STANDARD STORY: Mount Etna Revealed as Entirely New Type of Volcano

Scientists Had Been Classifying This Volcano Wrong For Decades

Mount Etna, one of the most-studied volcanoes on Earth, doesn't fit into any of the three known categories of volcanoes. Research published in JGR Solid Earth reveals it formed through a completely different process — one more like tiny seamounts than like Mount Fuji or Yellowstone.

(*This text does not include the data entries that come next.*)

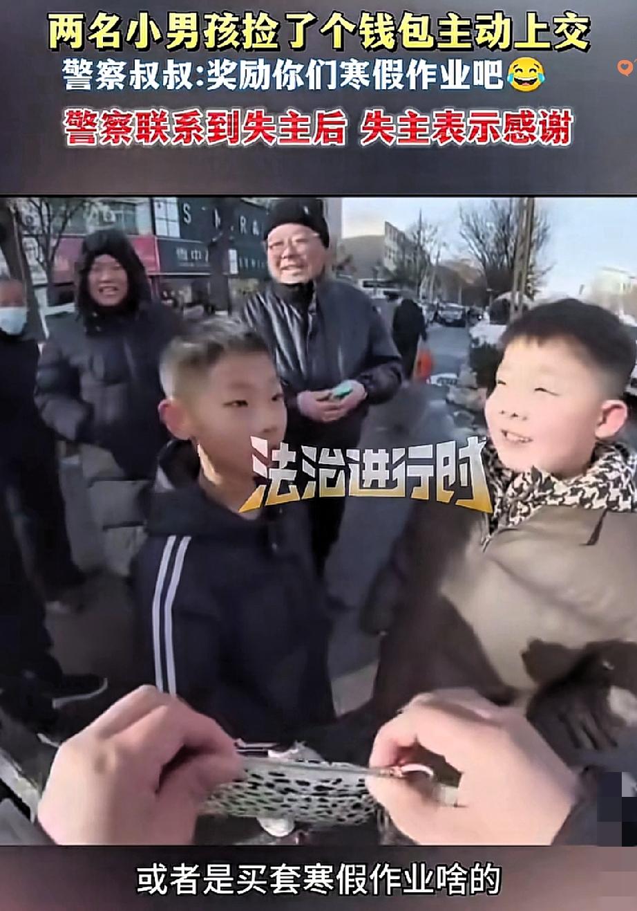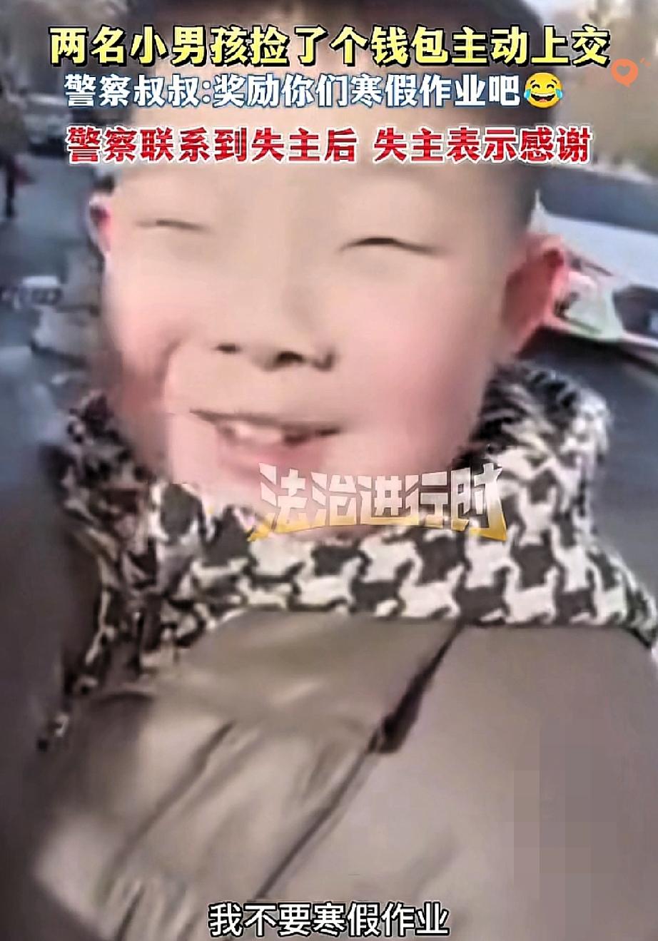 😂警察叔叔的“致命奖励”,把小学生整破防了 谁能想到,两个拾金不昧的小学生,上交钱包后竟被警察叔叔“奖励”寒假作业? 小胖墩当场摆手喊“我不要”的样子,简直是所有学生的真实写照。 这事儿好笑的点在于,大人眼中的“正向激励”,在孩子世界里却是“甜蜜的惩罚”。 我们总习惯用成人逻辑去定义“奖励”,却忘了真正的认可,从来不是用作业去“考验”善意。 比起一本练习册,一句真诚的表扬、一张小小的奖状,或许才是对孩子品德最好的回应。 毕竟,善良的种子不需要用作业来浇灌,用理解和尊重去呵护,才能让它长得更茁壮。 你小时候遇到过什么哭笑不得的“奖励”?评论区聊聊吧~
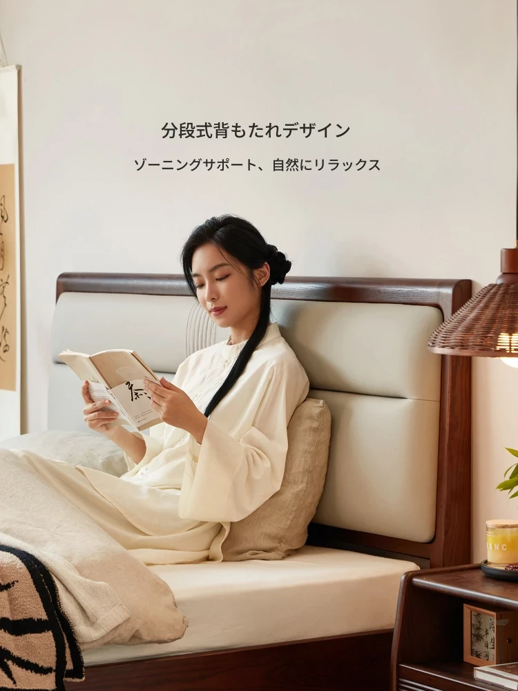 リンシハウス新中式ホワイトアッシュ無垢材ベッド2024年新作ウォールナット色ソフトパッキングダブルベッド、リンシ木業の品質を体感!
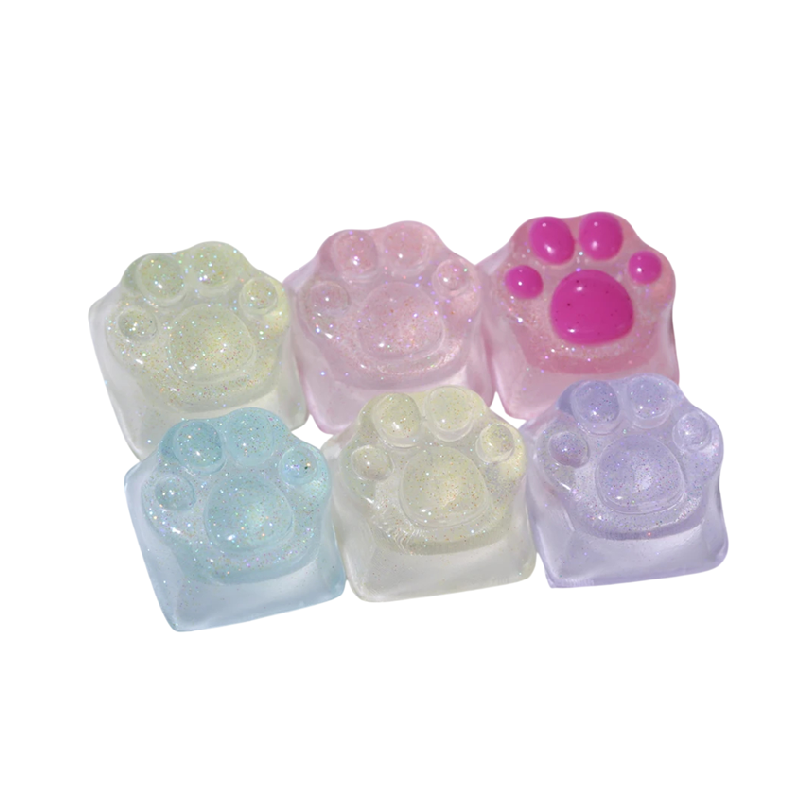 Roztomilé klávesy s motivem tlapky 6 ks RGB křížová osa průsvitné provedení pro mechanickou klávesnici dekorativní sada

Etna sits directly on a tectonic plate boundary (not inland like subduction volcanoes), its lava chemistry resembles hotspot volcanoes (but there's no hotspot), and it draws magma from a low-velocity zone in the upper mantle. Its evolution is backwards: early eruptions produced silica-rich lava, later eruptions produced alkali-rich lava — inverting the normal pattern. As University of Utah petrologist Sarah Lambart said: "This actually represents a new type of volcanism."

Key Evidence

  • Publication: JGR Solid Earth, April 2026 (doi: 10.1029/2025JB032785)
  • Location: Right on African-Eurasian plate boundary, not inland
  • Magma source: Low-velocity zone in upper mantle, unlike any known category
  • Chemical evolution: Backwards pattern (silica-rich early, alkali-rich later)
  • Height: 11,165 feet, formed over 500,000 years

The Rational Explanation

The research is from a preprint and hasn't passed full peer review. The "new type" classification may need broader geological consensus before being accepted. Etna may simply be a complex hybrid rather than a wholly new category.

What We Don't Know

If Etna represents a new type of volcanism, how many other volcanoes have we been misclassifying? The lithosphere's role in volcanic activity may be far more important than previously understood.